Lessons We Learned from Tom Loberg

Tom LobergThis blog post was written by the Chairman of Hytrol’s Board of Directors as part of our celebration of Loberg Day, in which we honor the legacy of our late founder, Tom Loberg. Tom believed in servant leadership, in empathy and in family. He routinely gave his time and resources to his community, both within Hytrol and the Jonesboro area. As someone who believed in the importance of relationships, Tom wanted his employees to feel like part of a family; he often referred to the company as “The Hytrol Family,” and this is a tradition that continues today. 

 

What was Tom Loberg’s leadership style?  I readily admit that many others are better equipped to report on personal observations of how Tom led.  So many of our current employees or retirees – especially those who are honored on the 40 year pillars in the front office – had much better and more plentiful opportunities to see Tom in action.  But my observations during the relatively brief period I worked directly for and with him continue to provide tools I use in the service of his company: Hytrol.  I am pleased to have the opportunity to share these, especially for those who didn’t have the opportunity to know Tom and see him in action.

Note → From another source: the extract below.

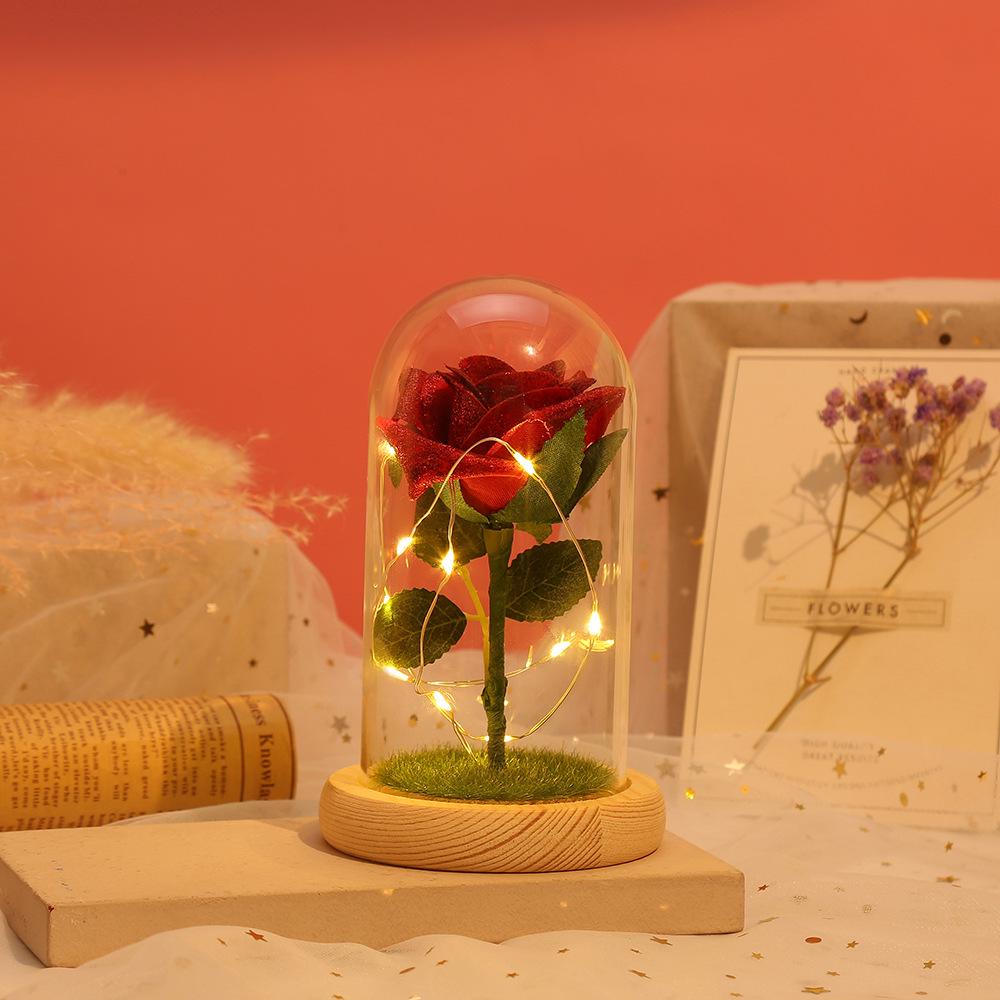 Бессмертная роза ночник с золотой пылью в стеклянном куполе – Цветочная композиция на праздник Циси

There are three hallmarks of Tom’s style that have come to me over that period: empathy, humility and gratitude. 

 

Empathy

Empathy is a word that is hard-wired into the ethos of Hytrol. Many of our employees remember when signs with that word on it hung on most walls at Hytrol. It’s part of our foundation because it was part of Tom’s approach to life and business. He wanted to put himself in the shoes of others and understand their experiences. 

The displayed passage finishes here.